T. Bedford and R. Cooke, Probabilistic Risk Analysis: Foundations and Methods (Cambridge University Press, 2001).

P. Hougaard, Analysis of Multivariate Survival Data (Springer, 2000).

R.S. Kenett, F. Ruggeri and F.W. Faltin (Eds), Analytic Methods in Systems and Software Testing (Wiley, 2018).

J.F. Lawless, Statistical Models and Methods for Lifetime Data (Wiley, 1982).

R.D. Leitch, Reliability Analysis for Engineers (Oxford University Press, 1995).

H.F. Martz and R.A. Waller, Bayesian Reliability Analysis (Wiley, 1982).

W.Q. Meeker and L.A. Escobar, Statistical Methods for Reliability Data (Wiley, 1998).

N.D. Singpurwalla and S.P. Wilson, Statistical Methods in Software Engineering: Reliability and Risk (Springer, 1999).
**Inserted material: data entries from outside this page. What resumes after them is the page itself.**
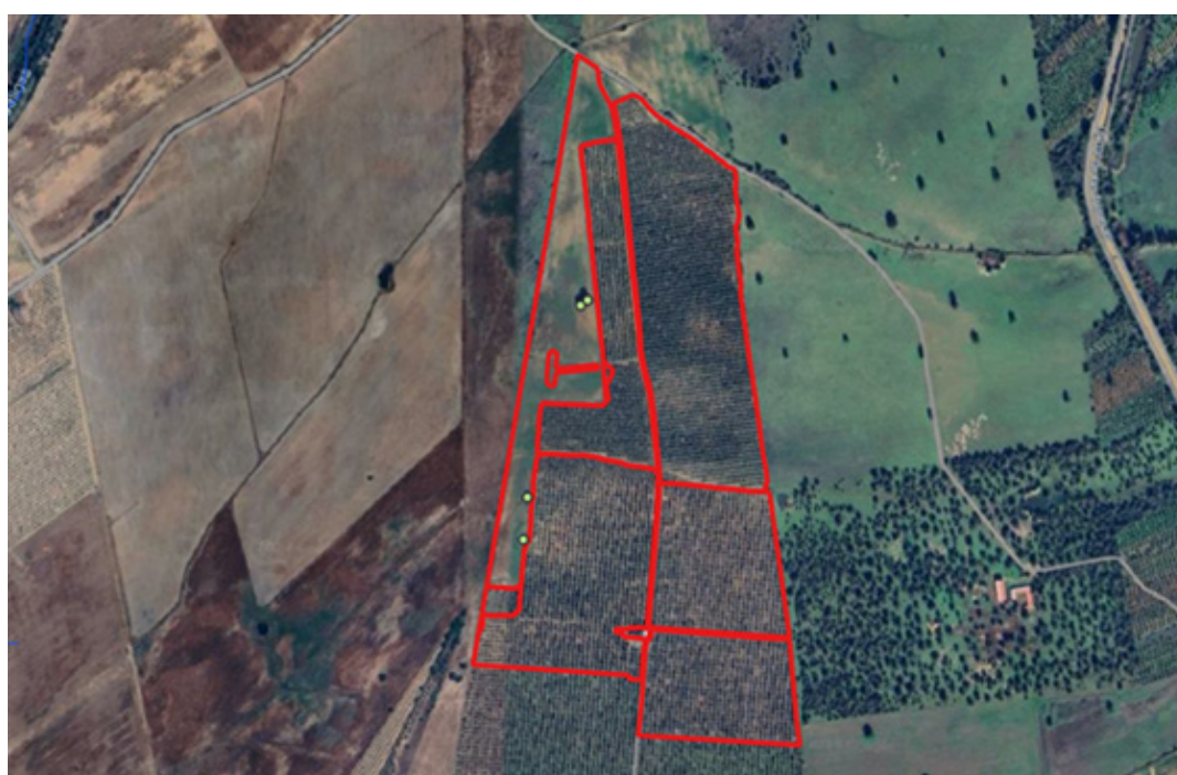
Situación del arbolado autóctono existente a respetar

Esta Dirección General considera que la afección de la plantación y puesta en riego de olivar es asumible, si bien debe respetarse el arbolado adulto (diámetro normal >15 cm) existente, al tratarse de ejemplares adultos con un estado fitosanitario y estructural aceptables, ya que aunque su presencia pueda suponer molestias y pérdidas desde un punto de vista meramente productivo, se considera que son asumibles por los beneficios medioambientales que también aportan y que su existencia es compatible con el cultivo.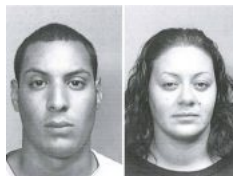
En prisión implicados en asesinato de expolicía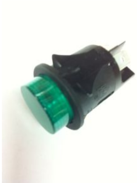
296R Netzschalter rund grün/rund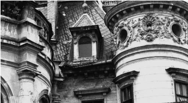
Az eklektikus stílusú épület részlete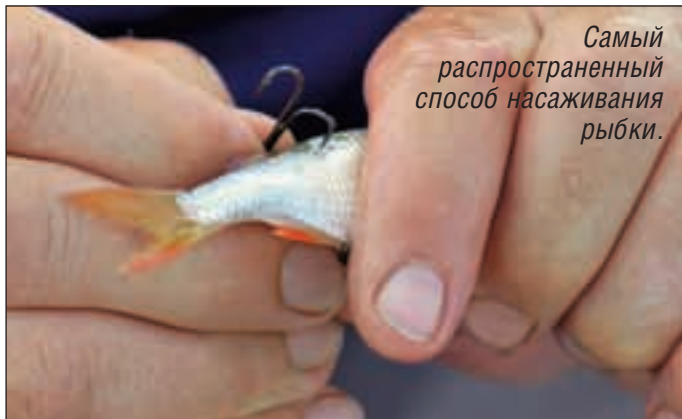
Самый распространенный способ насаживания рыбки.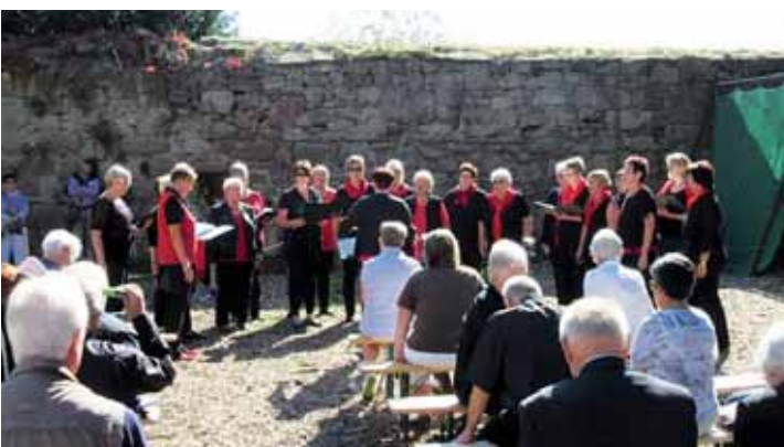
Pro Musica Bottendorf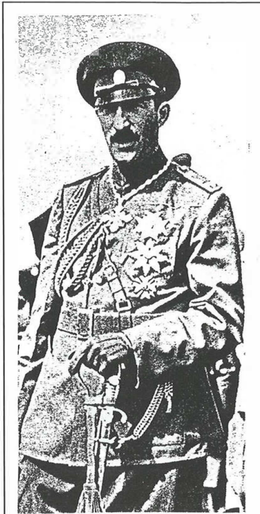
Koning Boris III van Bulgarije

heid bezit waarmee hij de bevolking kan verenigen op hun weg naar de inrichting van een nieuwe democratische staat. De tegenvallende optredens van premiers en presidenten heeft bij veel mensen het vertrouwen in de regering en de hoop op een nieuwe toekomst sterk doen afnemen.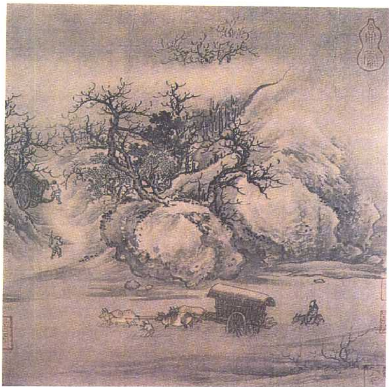
南宋·朱锐——溪山行旅图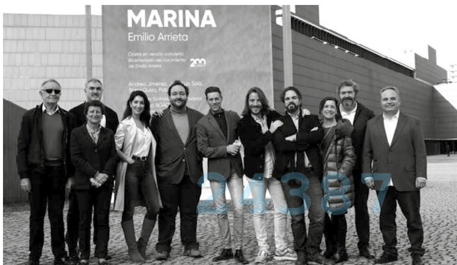
Representantes de la AGAO, intérpretes y representantes de Fundación Baluarte ayer en la presentación de la ópera Marina , que se interpretará en versión concierto hoy a las 20 horas en Baluarte.

■ Marina Sala Principal de Baluarte hoy a las 20 horas. Entradas desde 25 a 50 euros.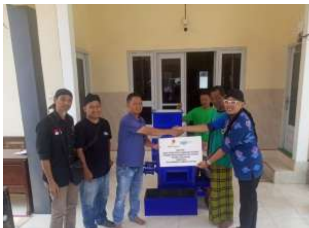
Gambar 2. Penyerahan Mesin di Desa Banyuurip Ujungpangkah Gresik

Luaran utama dari kegiatan pengabdian masyarakat melalui pelaksanaan Program Pengembangan Masyarakat (PPM) Bidang Lingkungan Saka Indonesia Pangkah Limited bekerjasama dengan Universitas Muhammadiyah Gresik ini adalah tersedianya mesin crusher cangkang kerang sebagai bentuk inovasi teknologi tepat guna yang diserahkan kepada mitra, yaitu BUMDes Banyuurip, untuk mendukung pengolahan limbah cangkang kerang di tingkat desa. Penyerahan mesin ini menunjukkan bahwa kegiatan tidak berhenti pada tahap sosialisasi dan pelatihan, tetapi juga menghasilkan produk nyata yang dapat langsung dimanfaatkan oleh masyarakat. Mesin crusher tersebut dirancang untuk membantu proses penghancuran limbah cangkang kerang menjadi ukuran yang lebih kecil sesuai kebutuhan, sehingga limbah yang sebelumnya menumpuk dan tidak termanfaatkan dapat diolah menjadi bahan baku yang memiliki nilai guna lebih lanjut. Selain luaran berupa alat, kegiatan ini juga menghasilkan peningkatan pengetahuan dan keterampilan masyarakat dalam mengoperasikan mesin, memahami alur pengolahan limbah cangkang kerang, serta mengenali potensi pemanfaatannya sebagai produk bernilai tambah. Dengan demikian, luaran kegiatan ini mencakup aspek fisik dan nonfisik, yaitu berupa mesin crusher sebagai produk teknologi tepat guna, peningkatan kapasitas masyarakat desa, serta terbukanya peluang pengembangan usaha berbasis pengolahan limbah cangkang kerang secara berkelanjutan.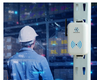
Smart store logistics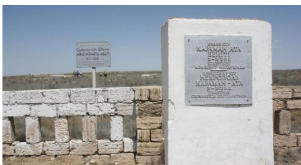
27. Некрополь Караман-Ата

Памятник Караман-Ата X-XIX вв. весьма интересный. Он состоит из некрополя и подземной мечети. Здесь встречается множество разнотипных погребений, а подземная мечеть отличается от других подземных мечетей количеством и просторностью комнат.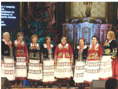
Występ Zespołu Śpiewaczego z Kisielowa

Zespołom gratulujemy i dziękujemy za rozślawianie naszej gminy.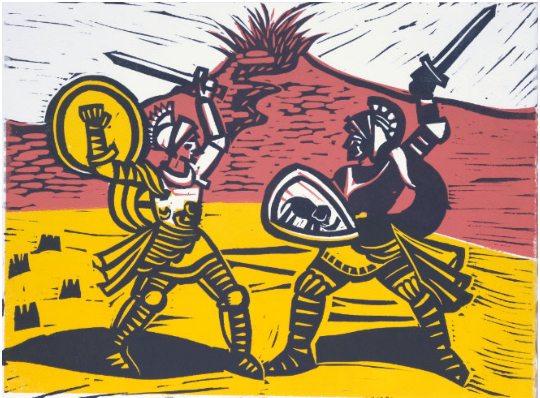
Gefecht von Uzeta und Arcibaldo am Fuße des Ätna. 25x33 cm, 2-Platten-Linolschnitt, getuscht in 3 Farben. Künstlerabzug.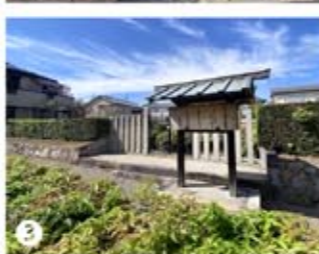
② 住宅街から火葬塚側面に向かう、細い細い参道があった・・・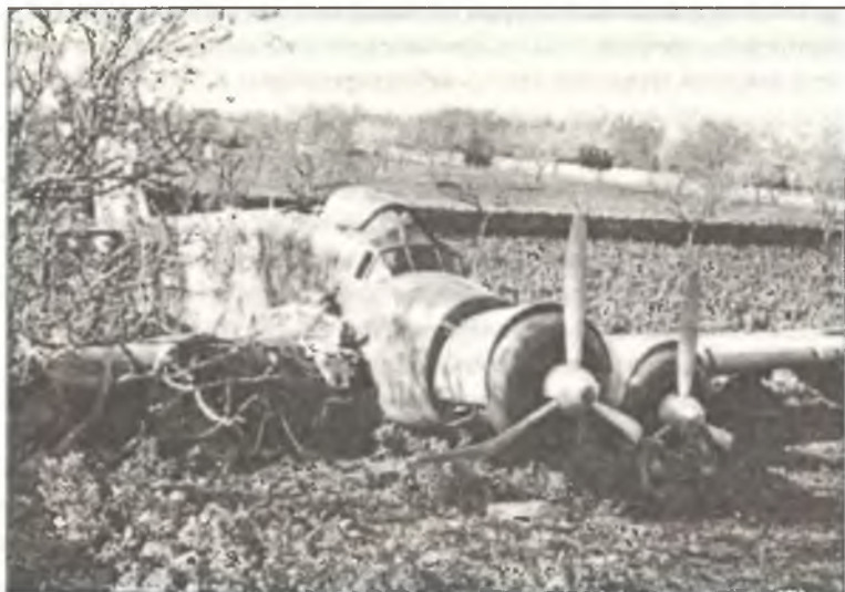
Бомбардировщик SM.79, совершивший вынужденную посадку «на брюхо»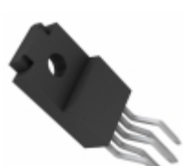
BA15BC0WT-V5 LAPIS Semiconductor IC REG LDO 15V 1A TO-220FP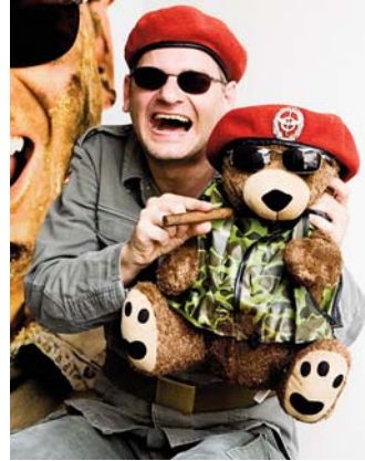
„Zum Brüllen komisch“: 2. Oktober.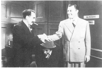
THE BIG STORE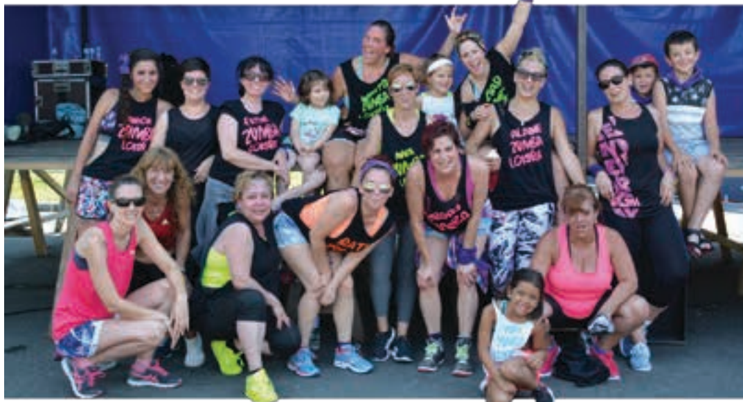
Zumbalokura taldeko kideak, larunbat arratsaldeko erakustaldiaren ondoren. AIURRI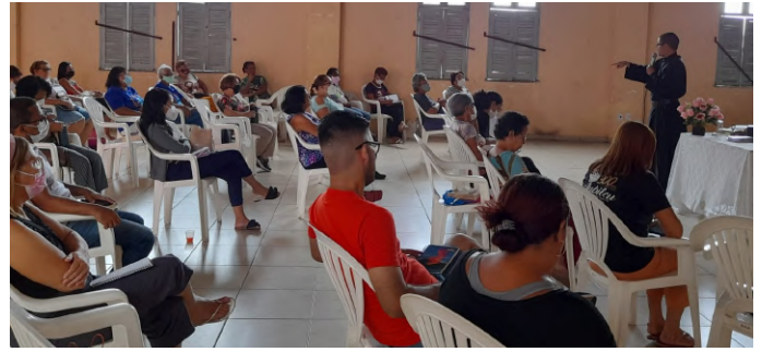
Retiro quaresmal paroquial

A Paróquia Santa Maria Goretti, de Itabuna-Ba, viveu o período quaresmal e a Semana Santa, com alegria, devoção e muita fé. No início, a fim de aprofundarmos a Palavra que nos converte, criamos a Escola Bíblica São Paulo da Cruz. Na sequência, com riqueza de espiritualidade, fazemos a experiência do Retiro quaresmal paroquial. E de olhos no Crucificado, rezamos e meditamos a Via Sacra, todas as sextas feiras, às 05hs da manhã.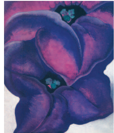
3.) Purple Petunias , 1925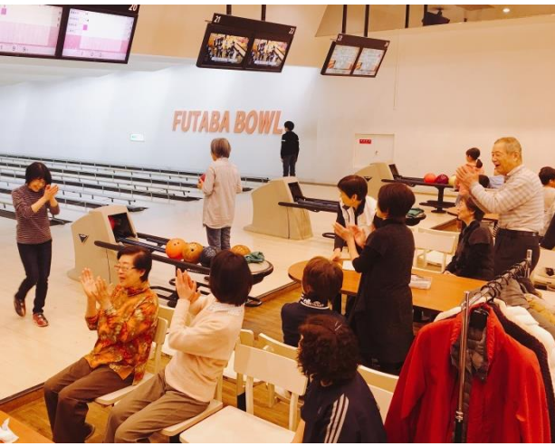
惜しみない応援と賞賛の拍手。

1F 和食レストラン 「さつき」 吹田市文化会館 2F 洋食・喫茶 「いずみ」 (メイシアター内)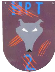
HPT 2 teilstationär 9 Plätze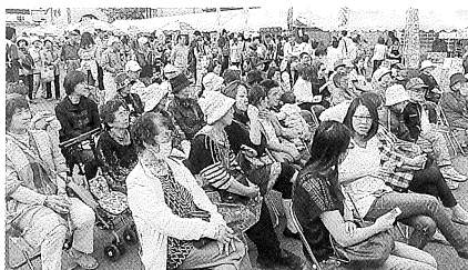
大勢の市民で賑わう会場

九月二十六日、北星信用金庫士別中央営業部駐車場に於いて、中心市街地の活性化を目的に、今年二回目となる「にぎわい市場」が、士別市・士別商工会議所・士別市中心商店街振興組合・サフォークスタンプ協同組合・士別市卸売市場買受人組合士別支部で構成する実行委員会の主催で開催されました。会場には、市内の農業者が生産した玉ネギ、トマト、カボチャ、ジャガイモ等の新鮮な野菜をはじめ、生サンマ、新巻鮭、毛ガニ等の海産物まで秋の味覚が販売されました。又、中心商店街振興組合店舗で買物された方を対象とした、テレビや炊飯ジャー、灯油券、各組合店賞等の豪華賞品が当たる「レシート抽選会」等のイベントも行われた他、焼き鳥や焼きそば手打ちそば等の飲食コーナーが設けられ、秋の日差しの中、大勢の市民で、会場は終始にぎわいを魅せていました。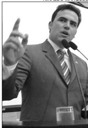
ELOGIO - Miguel Arraes

de um país melhor. Compartilho o que Campos ressaltou e acho que o PSB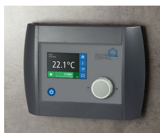
Solar Control Panel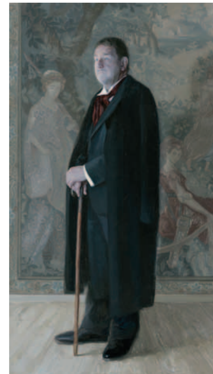
Voorzijde: Jean Peirre Rawie olieverf op linnen 150 x 122 cm, 2014

mythologie, Bijbelse- en Middeleeuwse verhalen, jachtpartijen en het aristocratische leven met 'stripachtige' personages. Met nauwkeurig gekozen details uit deze achtergrond tafereelen en haar eigen visie en toevoeging daarop, creëert ze een verbinding tussen het heden en verleden die aansluiten bij de ervaring en interesse van de te portretteren mens. Het resultaat is een overtuigend portret met esthetiek, charme en sfeer. Ieder portret vertelt met subtiele kleursymfonieën dan ook een eigen origineel verhaal.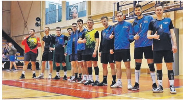
Korabka „idzie niczym burza”, nie dając szans żadnej drużynie.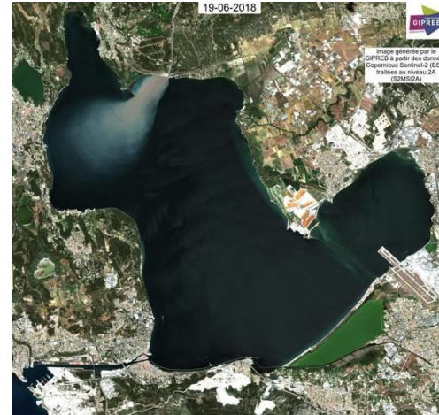
Crise de l'étang de Berre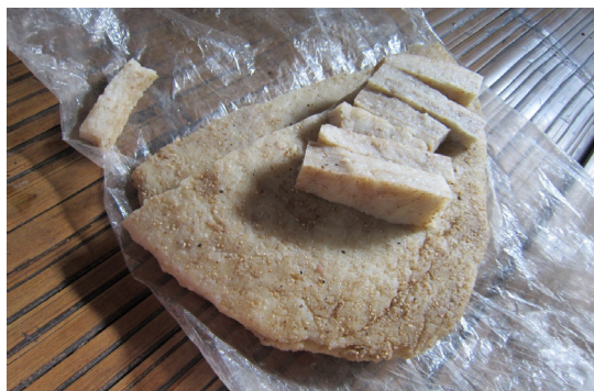
မ့တီၣ်ပံာ်

အပူၤကွဲၣ်န့ၣ်တဖၣ်န့ၣ် ပူသဝီသဝီဖိတနီၤ လဲၤသုးလီၤသုးကျဲဆူကီၢ်ကျိၣ်တဲၣ်ဒီး ခဲအံၤအိၣ်လၢ ဘၣ်ကီဘၣ်ခဲဒဲကဝီၤပူၤန့ၣ်လီၤ. သဝီဖိတနီၤ မၤတၢ်ဒိ ပုၤသုးလီၤသုးကျဲပုၤမၤတၢ်ဖိဖိ ထံကီၢ်လၢ အအိၣ်ဘူးန့ၣ်လီၤ. သဝီဖိတနီၤ လဲၤသုးလီၤသုးကျဲဆူ USA စီဖျါ ဘၣ်ကီဘၣ်ခဲတၢ်သုးလီၤသုး ကျဲအဖိလဲၤန့ၣ်လီၤ. ဟံၣ်ဖိယီဖိတနီၤ (အါဒၣ်တက့ၢ်) ဒီးန့ၣ်ဘၣ် ကျိၣ်စ့ၤတၢ်မၤစၢၤလၢ အဟံၣ်ဖိ ပီဖိဆူလၢကီၢ်ကျိၣ်တဲၣ် မ့တမ့ၢ် ထံဂုၤကီၢ် ဂၤန့ၣ်လီၤ.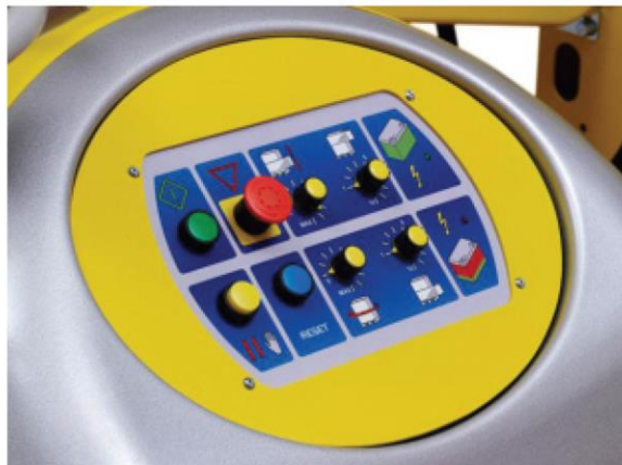
Panel potencjometryczny SFERA Easy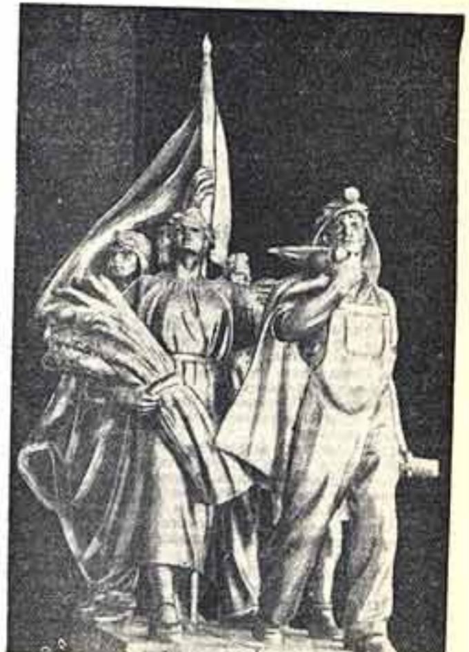
«Героика мирного строительства». Скульптурная композиция Л. Д. Мурзина и М. Г. Лысенко, устанавливаемая перед входом в советский павильон на Международной выставке в Нью-Йорке

Широко представлены живопись. На большом полотне, украшающем зал «Государственное устройство», изображено первое заседание Верховного Совета СССР (художники Савицкий, Христенко, Морозов, Карзин). На другом громадном холсте (160 кв. метров) изображена плеяда знатных людей нашей родины (авторы — художники Ефанов, Лапков, Ивский, Олинов, Платов, Бубнов, Швариков, Гавриленко, Саторов, Крайнов, Готоп).

Leading international journals in this field include Reliability Engineering and System Safety, IEEE Transactions on Reliability, Journal of Risk and Reliability, Quality and Reliability Engineering International. Statistical methods for reliability data are presented in a wide variety of theoretical and applied Statistics journals, theory and methods for decision support are often published in the Operations Research literature.